» **PROBLEM TO WORK ON**:
I would like the line with "音樂是世界的通用語,透過音樂" and every line after it, down to the end of the entries below, output exactly and without pictures.

::: STORED DATA :::

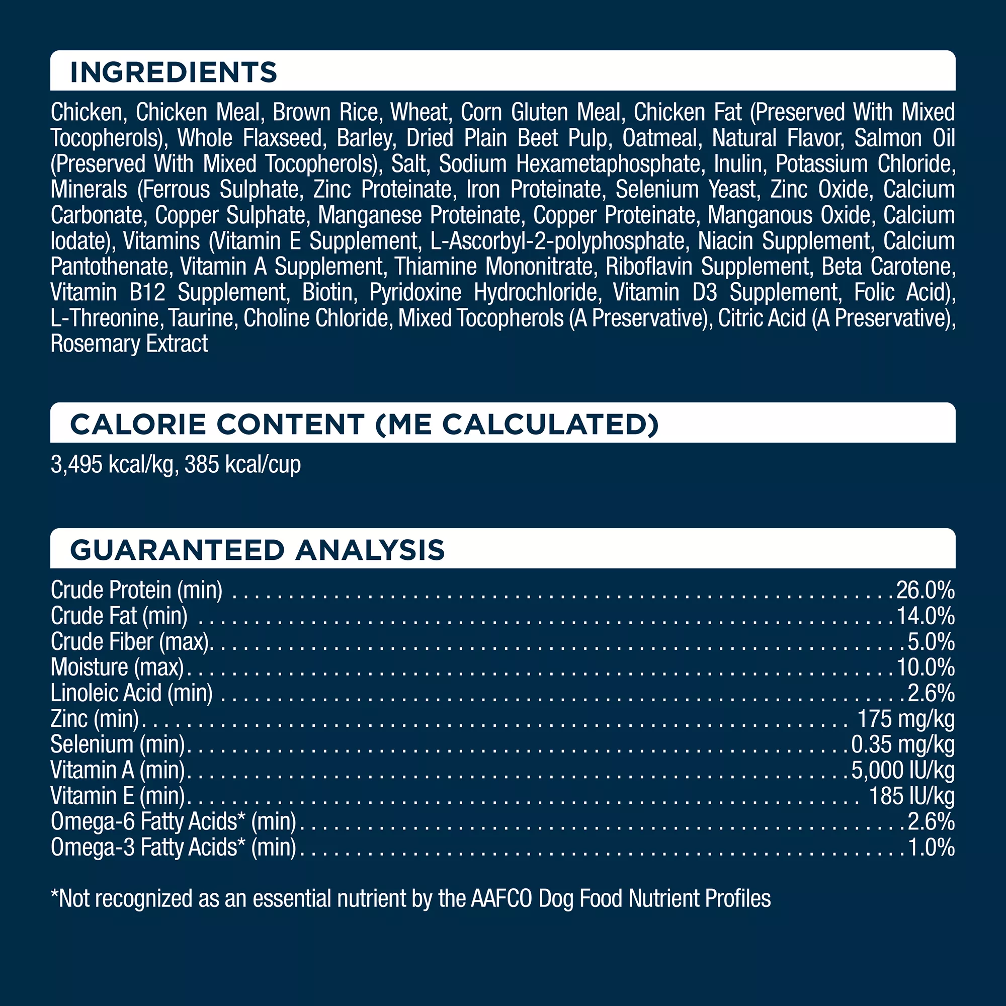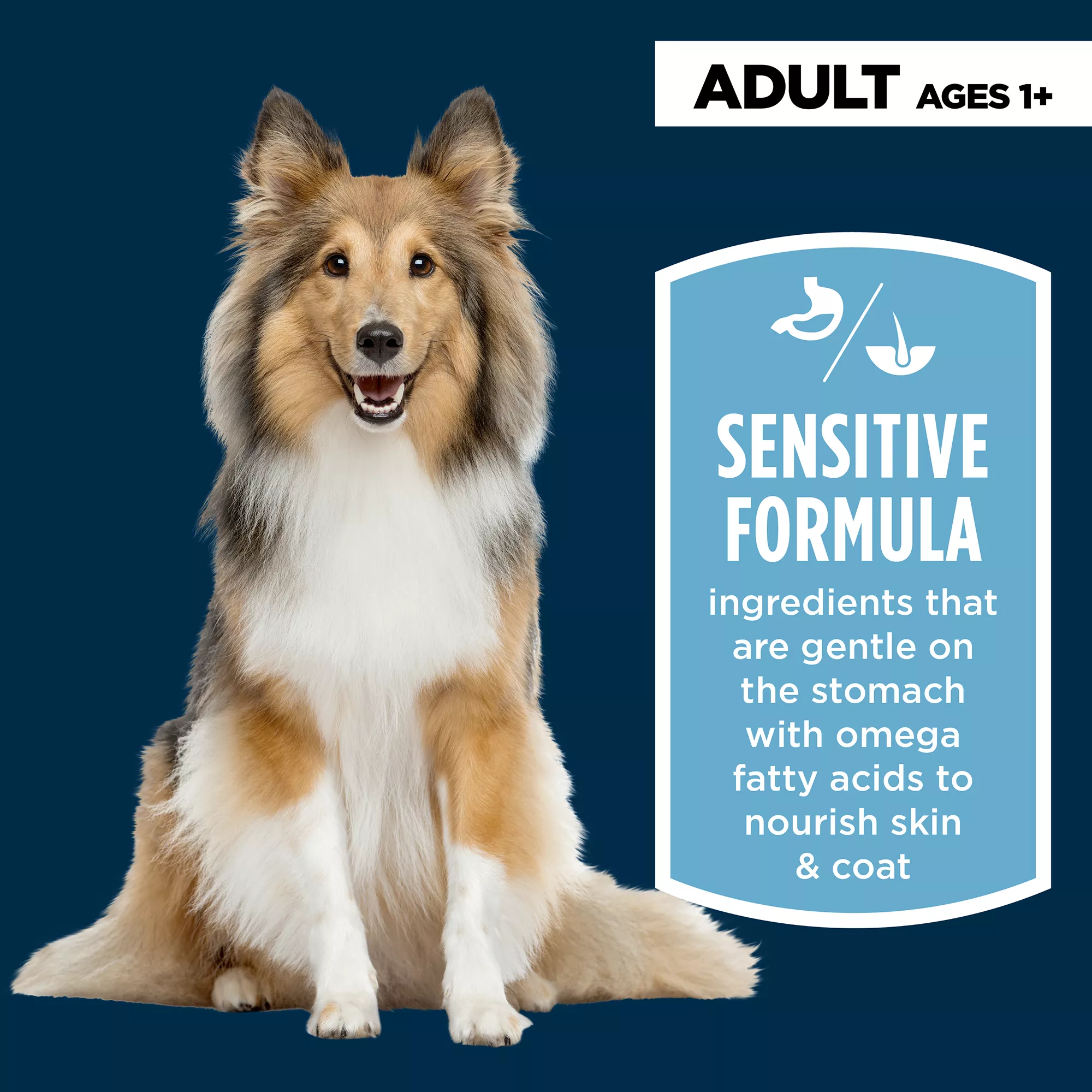 Sensitive formula made with ingredients that are gentle on the stomach and with omega fatty acids to nourish skin and coat
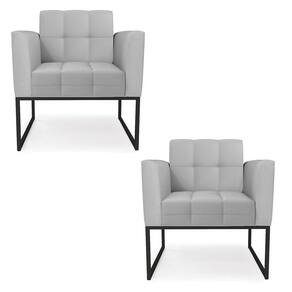 Poltrona Sala Decorativa Kit 2 Elisa Couro Sintético Cinza Base Industrial Preta D'Rossi
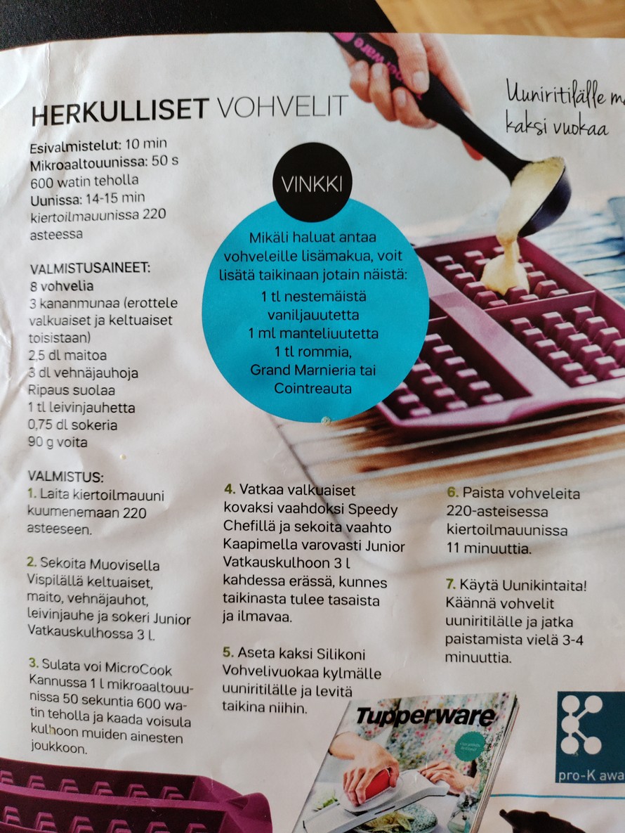 Levitä taikina vohvelivuokiin uuniritilän päälle ja paista 220°C 10 minuuttia. Käännä vohvelit uuni ritilälle ja paista 4 minuuttia.
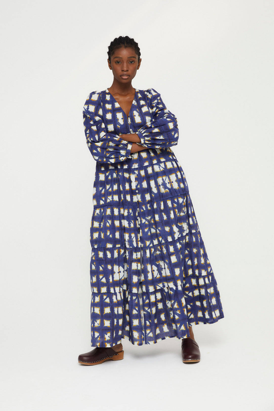 Vestido largo fluido, confeccionado en un tejido estampado batik color azul. Vestido de manga larga y escote en pico. Se cierra con botones en el delantero para llevarlo cerrado como vestido o también abierto como kaftan.
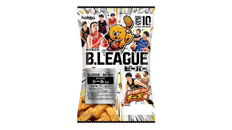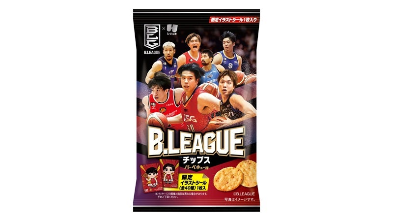 | 付録 | Bリーグの選手がデザインされたパッケージは全4種。 イラストシールは本商品限定デザインであるB1・B2クラブ全40種のうち、ランダムで1枚が入っています。 また、Bリーグ公式デジタルカード「B.LEAGUE CARD」が獲得できるシリアルナンバーも同梱されます。 お菓子は食べやすいバーベキュー味の薄焼きせんべいで、試合観戦のお供にぴったりです! |
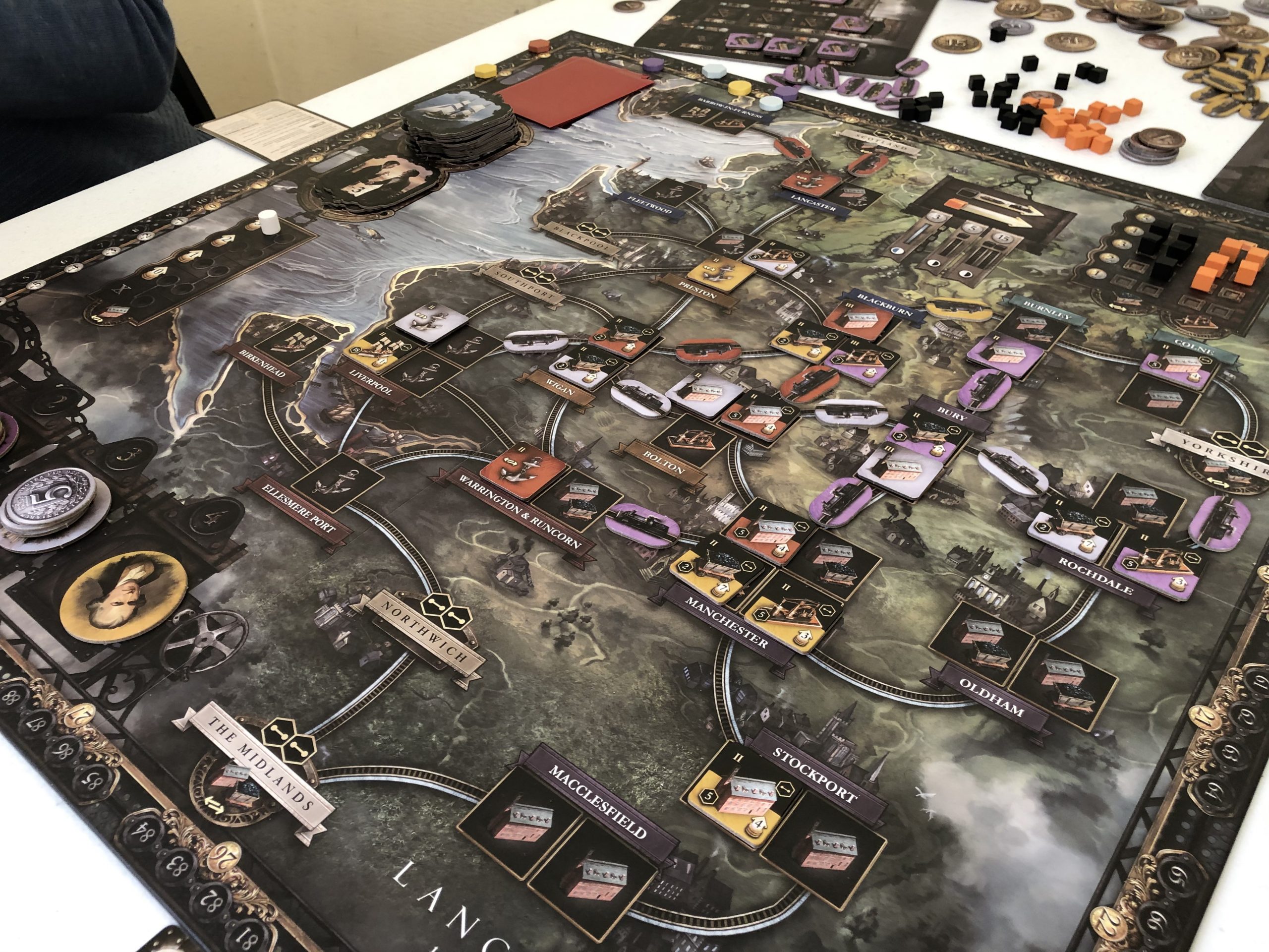 Cap sur l’ouest de l’Angleterre pendant la Révolution Industrielle, avec une partie de Brass Birmingham, le grand classique expert de Martin Wallace, pour Tibo, Julie, Laetitia et Gauthier.
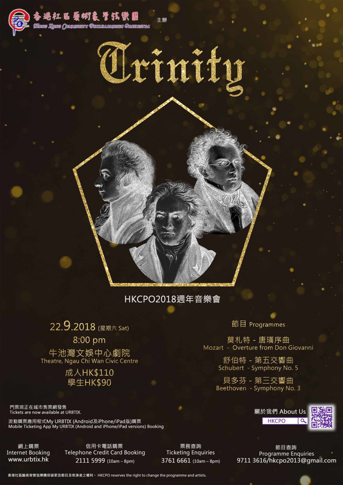 音樂是世界的通用語,透過音樂,不同文化,不同背景,不同年齡的人可以互相交流,了解,分享。其實,音樂還可以穿越時空,與上千上百年前的古人進行深情對話,學習。HKCPO 成立了五週年,亦希望可以與觀眾一起與後古典時期金三角對話:莫扎特,貝多芬和舒伯特。他們三人不但是著名的音樂家,而且更是「三師徒」;貝多芬一直十分崇拜莫扎特,並曾到訪跟隨他學習;舒伯特對在他面前的兩位大師亦十分推崇,雖然未能親身跟貝莫二人學習,但在曲風中卻傳承了兩位,成為了浪漫主義的基石。
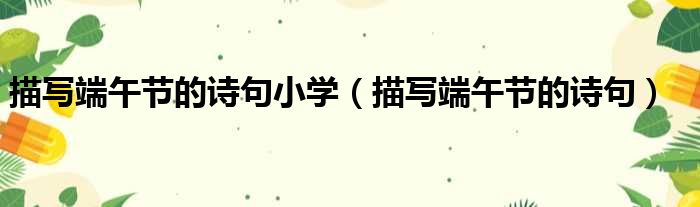 大家好,今天小六子来为大家解答以下的问题,关于描写端午节的诗句小学,描写端午节的诗句这个很多人还不知道,现在让我们一起来看看吧!
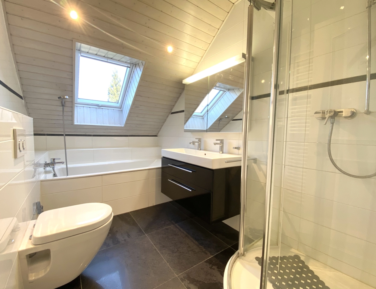 Salle d’eau avec baignoire, douche, WC et double vasque
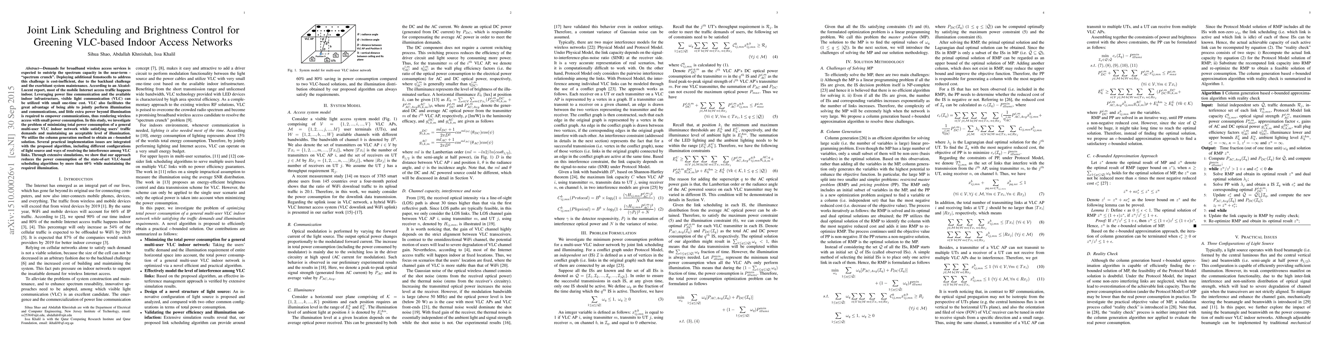 This paper proposes a joint link scheduling and brightness control method for VLC-based indoor networks to minimize power consumption while meeting user traffic demands and maintaining acceptable illumination levels. The column generation method is used to achieve an $\epsilon$-bounded solution, and simulations show a 60% reduction in power usage compared to existing algorithms.
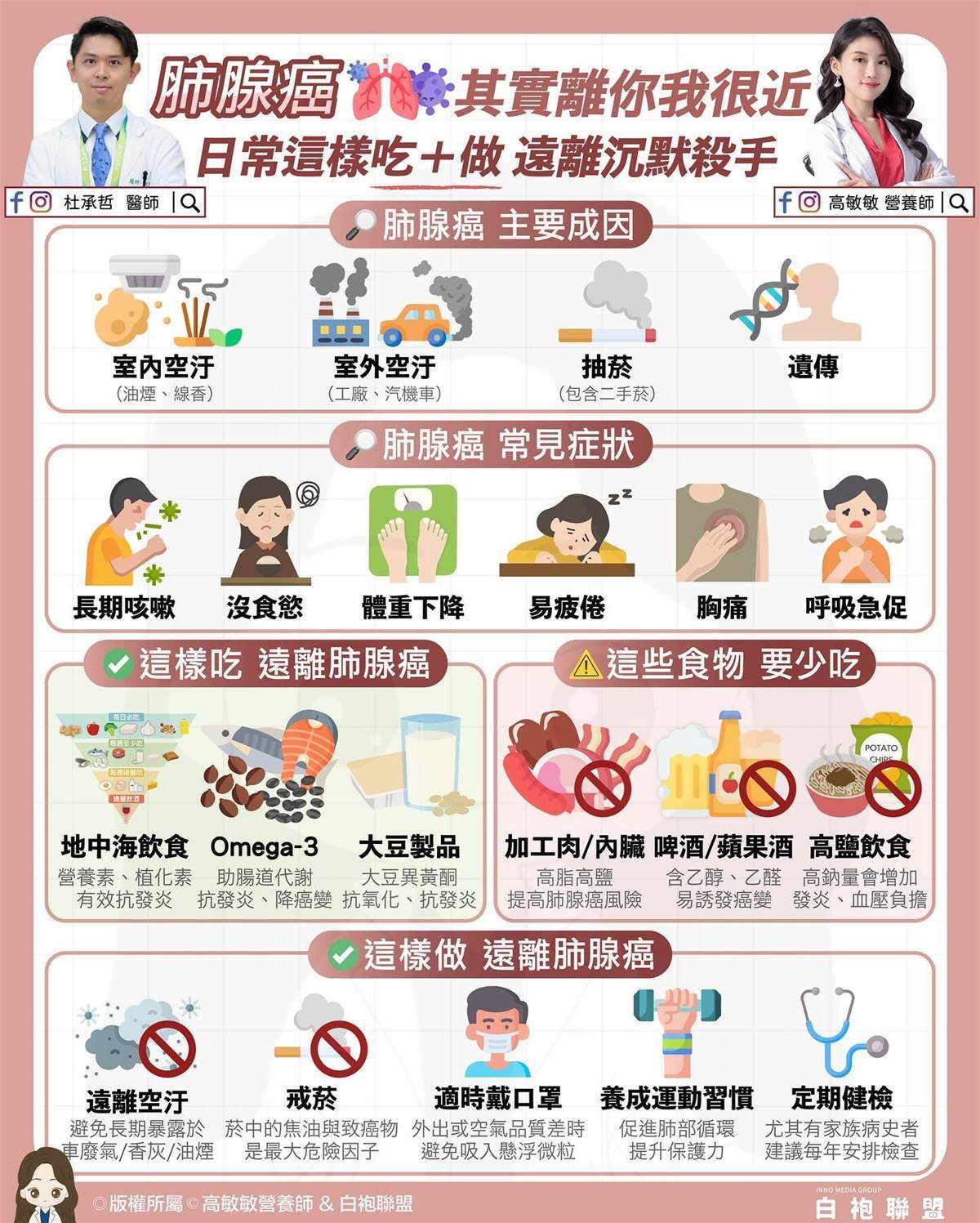 此外,高敏敏呼籲,加工肉品、內臟類應盡量少吃,因其含脂肪與鹽分高,長期攝取會增加肺腺癌與慢性病風險,避免喝啤酒、蘋果酒,內含乙醇、乙醛等高致癌物,容易誘發癌變,也要少吃高鹽飲食,因為攝取過多高鈉恐增加發炎反應與血壓負擔。

:::

» **RESPONSE BELOW**:
 音樂是世界的通用語,透過音樂,不同文化,不同背景,不同年齡的人可以互相交流,了解,分享。其實,音樂還可以穿越時空,與上千上百年前的古人進行深情對話,學習。HKCPO 成立了五週年,亦希望可以與觀眾一起與後古典時期金三角對話:莫扎特,貝多芬和舒伯特。他們三人不但是著名的音樂家,而且更是「三師徒」;貝多芬一直十分崇拜莫扎特,並曾到訪跟隨他學習;舒伯特對在他面前的兩位大師亦十分推崇,雖然未能親身跟貝莫二人學習,但在曲風中卻傳承了兩位,成為了浪漫主義的基石。
 大家好,今天小六子来为大家解答以下的问题,关于描写端午节的诗句小学,描写端午节的诗句这个很多人还不知道,现在让我们一起来看看吧!
 Salle d’eau avec baignoire, douche, WC et double vasque
 This paper proposes a joint link scheduling and brightness control method for VLC-based indoor networks to minimize power consumption while meeting user traffic demands and maintaining acceptable illumination levels. The column generation method is used to achieve an $\epsilon$-bounded solution, and simulations show a 60% reduction in power usage compared to existing algorithms.
 此外,高敏敏呼籲,加工肉品、內臟類應盡量少吃,因其含脂肪與鹽分高,長期攝取會增加肺腺癌與慢性病風險,避免喝啤酒、蘋果酒,內含乙醇、乙醛等高致癌物,容易誘發癌變,也要少吃高鹽飲食,因為攝取過多高鈉恐增加發炎反應與血壓負擔。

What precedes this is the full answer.